In particular, according to this video.
[ame="
http://www.youtube.com/watch?v=VGAqhMcFsY0"]Zbrush Sculpting - Girl with Wavy Hair - 02 hair - YouTube[/ame]
What's happening at the beginning ?
When he's adding chunk of clay on top of the head, and then they all are in the same subtool, but separated from the head itself.
I saw a glimps of ZSphere in the beginning , but I have no clue what method is it.
If you know what the method is, I could do more research on it. If you have a better tutorial on this, I'd love it.
Thanks !!
Replies
Check out the sketch brush. And for that matter, just all the z-sphere tools, there are some handy ones in there.

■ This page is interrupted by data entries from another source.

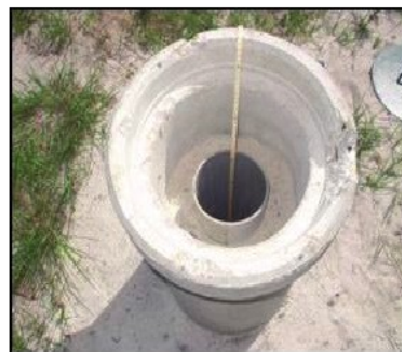
Exemple de piézomètre où la mesure du niveau piézométrique est faite à l'aide d'une sonde manuelle

Permet de connaître la profondeur du niveau de la nappe phréatique dans les sols au voisinage de l'ouvrage, mais aussi dans les barrages en terre, digues, etc.
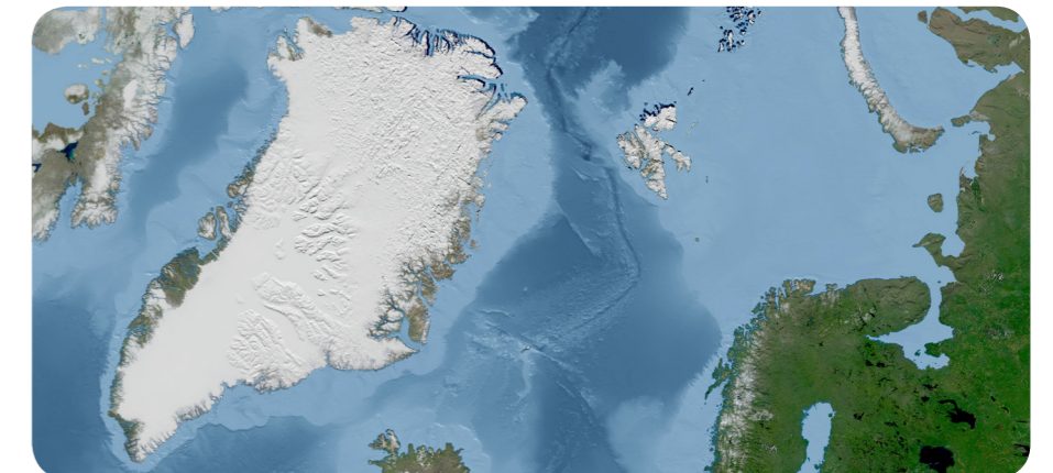
Satellite view of Greenland

Greenland experiences the coldest climate in the Arctic region. The temperatures of the coastal areas around Greenland are affected by the open water, sea ice or passing cyclones. However, since almost 80% of Greenland is covered by an ice sheet, the centre of the country remains cold. Winter temperatures can drop as low as -50^{\circ}\text{C} . Summer temperatures can reach 10^{\circ}\text{C} .
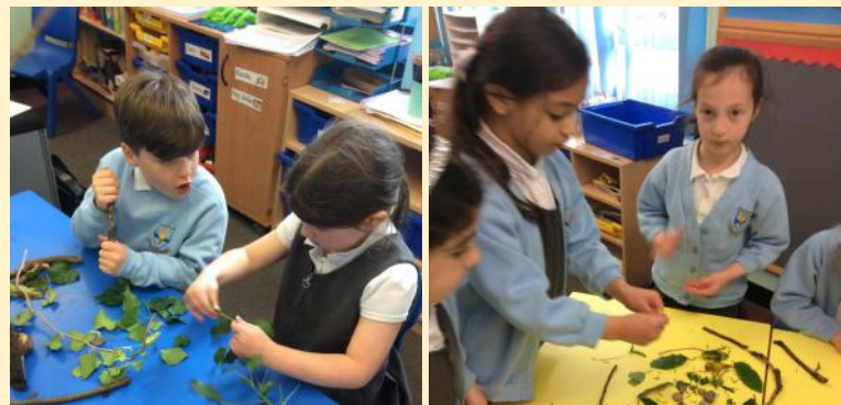
Creating art with nature.
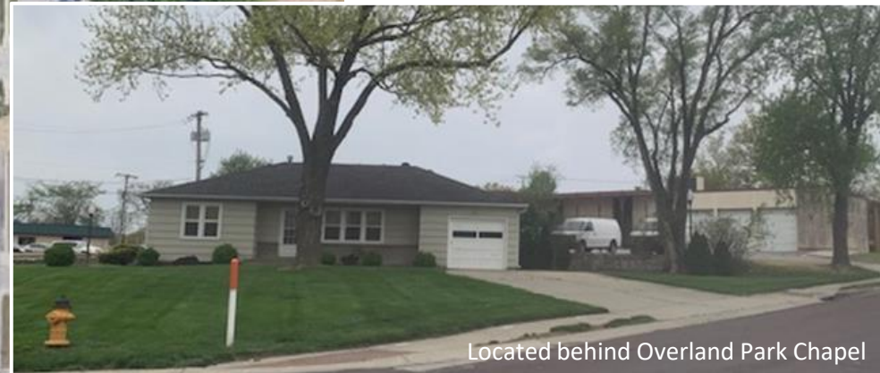
Located behind Overland Park Chapel

One thing to keep in mind though is this is not something that is always needed.
I personally prefer to use good old move tool, snake hook, Dynamesh, before moving onto clay tubes and all the other finer trim brushes.
Its all about finding what works for you and what gets you the results you want.

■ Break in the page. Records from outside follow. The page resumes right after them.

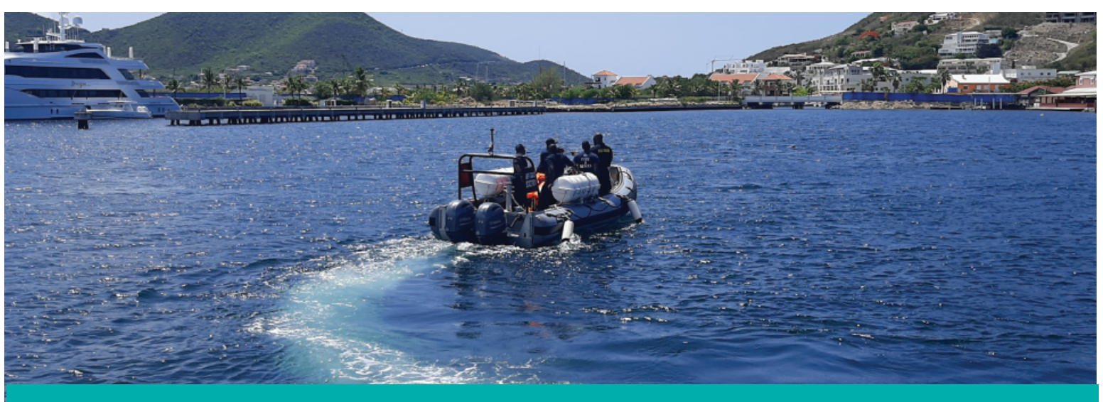
Sea rescue training with the PJIAE N.V. Rescue & Firefighters and St. Maarten Coast Guard in the Simpson Bay Lagoon, St. Maarten.
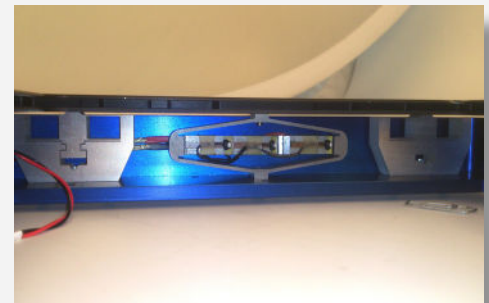
Fig2: Standard actuator from CTEC
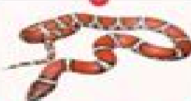
Red Milk Snake
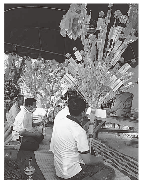
Figure 2: The Villagers offer the "Trees" ( Ton Phapa ) to the Monks of the Receiver's Temple Date: 3 Mar 2021

The last organizational step concerns the creation of the collection 'trees' ( Ton Phapa ), which can then be placed in various locations in order for people to attach money or other specified items to them. Several days prior to the Phapa day, the Ton Phapa will be collected and prepared for transfer to a receiver. (Figure 2)
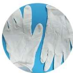
Powder-Free Latex Examination Gloves
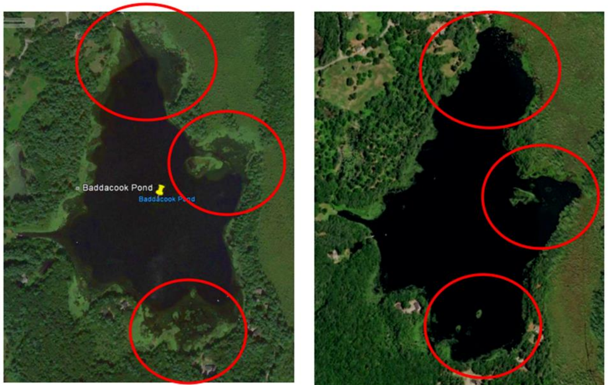
Figure 11: Baddacook Pond Restoration. Left – 2016, Right - 2019

This is the third year of a 3-year project (year 3: $140,000) to kick start Baddacook Pond restoration. This project is a joint undertaking including the Great Ponds Advisory Committee (to the Select Board), the Groton Water Department, the Weed Harvester Committee and Groton Lakes Association. The goal is: 1) to pilot control of invasive weeds. 2) to remove significant amounts of bio-mass which will substantially turn back the clock for Baddacook. When this project is completed, it will pave the way for Baddacook Pond environmental sustainability under town direction. As shown in Figure 11 , improvements have been made.
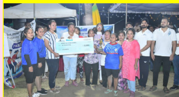
Winner of Tug of War (Women's)
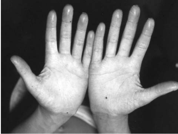
Fig. 2. The palms of the same patient as in Fig. 1 shows dry skin.

may be mistaken for a colloidon membrane. Periorbital hyperpigmentation around the eyes is a characteristic features of the disorder. Small milia-like papules may be found on the face.
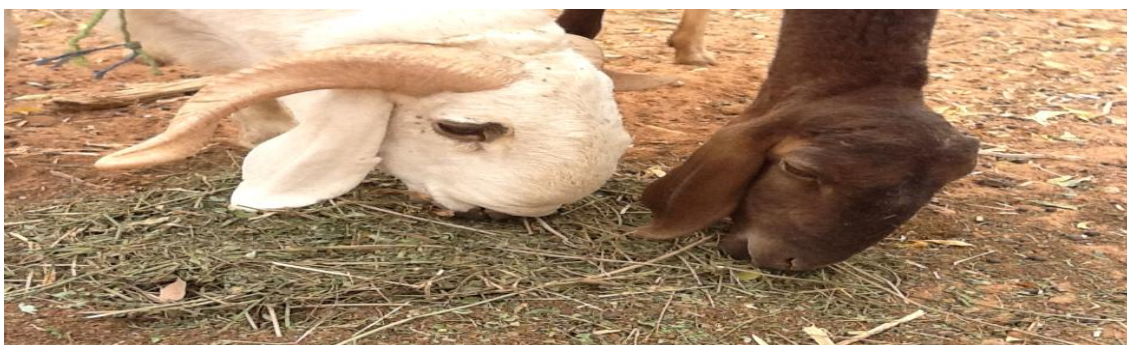
Fig. 1. Job opportunity; Sheep feeding on shade dried senna obtusifolia plants, harvested 84 days after planting.

maggi, (fig. 2), and matured seeds are packed in sacks for export (fig. 3). Traditionally and commercially, senna obtusifolia is not grown in Nigeria, both the leaves and seeds are presently harvested from the wild. There is limited research conducted on the effect of intra – rows spacing on growth, yield and biological characteristics of senna obtusifolia. In considering the above facts, there is the need to search for appropriate agronomic intra-row spacing for senna obtusifolia plant; to enhance livestock feed production, further research, profitability and economic diversification in tropical countries. .

-Append a zsphere to your model
(Then you get the special zsphere rollouts on the right hand part of the screen)
-scroll down to "zsketch" dialog
-turn on "edit zsketch"
-in draw mode draw the shit the way this guy does. keep in mind your "draw size" chances are those spheres will be way big by default.

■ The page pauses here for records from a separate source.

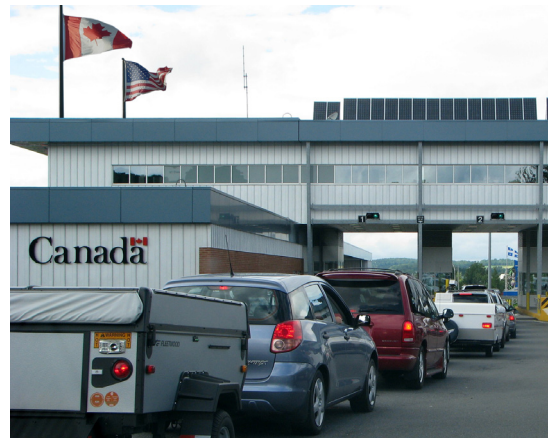
CBSA has installed 500 HD IP cameras to monitor their customs operation on its US-Canadian border crossings and at Vancouver Airport.

The analytics were processed in real time at the edge of the network in the IP transmitter modules that were connected to the analogue cameras. When the analytics function triggered an alarm the Security Management Software automatically alerted the operator and displayed the appropriate camera feed on a spot monitor.
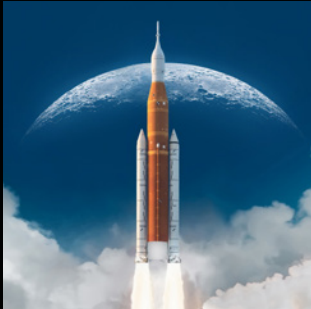
Rockets, Carrier Rocket
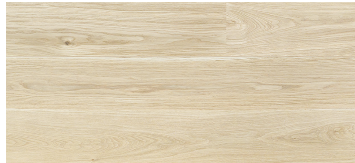
1 Strip 240 mm Wide EU Oak ABC Brush 2B Pure Line #5832

2019 Trend is for pure color and natural surface of the wood. Our new collections represent shades of warm grey and beige colors. The Pure Line Collection brings us color of untreated raw wood in finished parquet flooring. New lacquer surfaces with 5% gloss give the natural oil feeling.
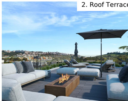
2. Roof Terrace
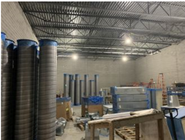
2022.11.02 – Practice gym
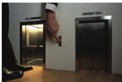
Maurizio CATTELAN, Untitled (Elevator) , 2001 Collection of Taguchi Art Collection and Taguchi Art Foundation

*Kindly make inquiries to the Hirosaki Museum of Contemporary Art PR Office for the press images in general.
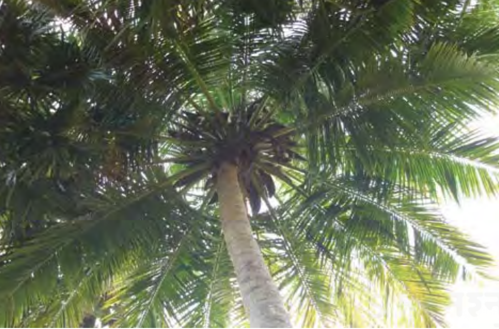
The coconut palm tree grows wild.
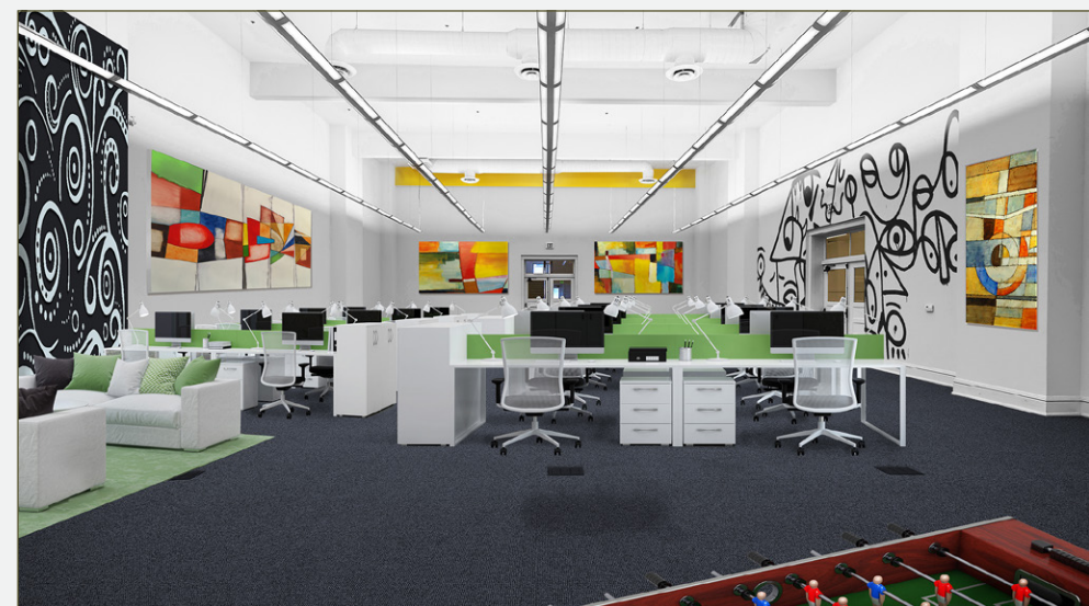
3,226 SF First Floor Great Room
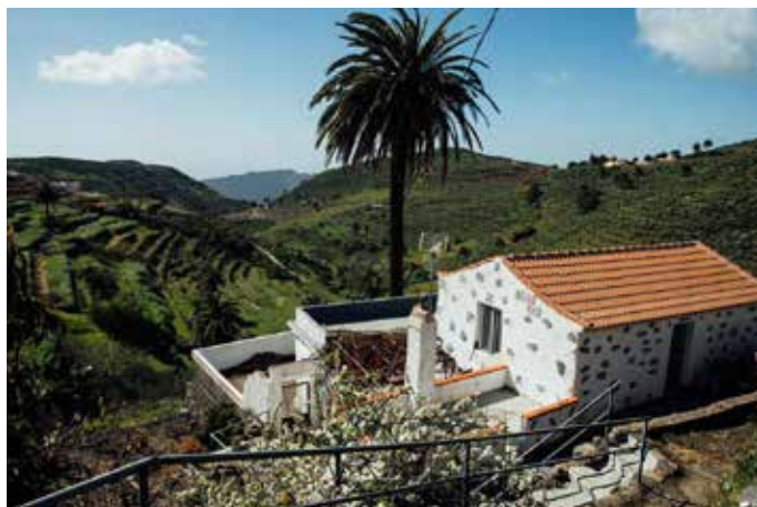
Magnificent Tenerife (top); La Laguna, Tenerife Agulo, La Gomera; Chipude, La Gomera (above)
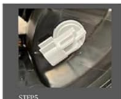
STEP5 Screw the lamp holder onto the lamp body.
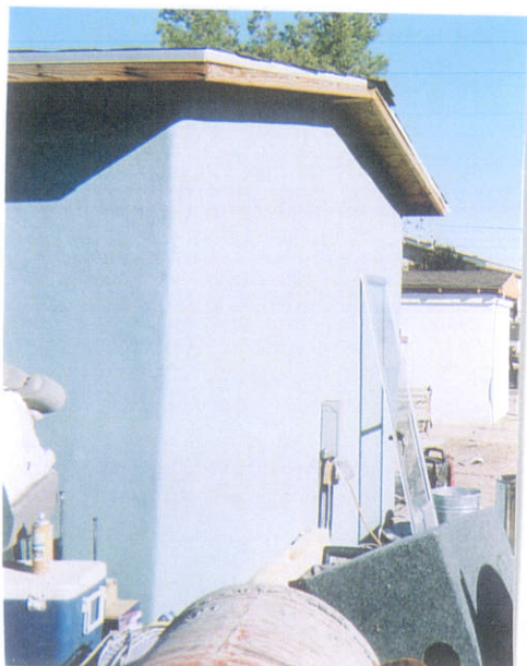
East side (Back)

If using the Elevation Certificate to obtain NFIP flood insurance, affix at least two building photographs below according to the instructions for Item A6. Identify all photographs with: date taken; "Front View" and "Rear View"; and, if required, "Right Side View" and "Left Side View." If submitting more photographs than will fit on this page, use the Continuation Page, following.

-use move tools and stuff to move those spheres into place also
-when finished press "A" to preview the final hp geometry.
-go to "make unified skin" under the unified skin rollout
-Append your new skin to your model to be treated as regular subtool geometry.
-delete the zphere subtool if you don't need it anymore.
-done.
but another thing to look into to aviod zspheres all together is the "curve line tool". And dynamesh.
Also, BradMyers, thanks for the alternative.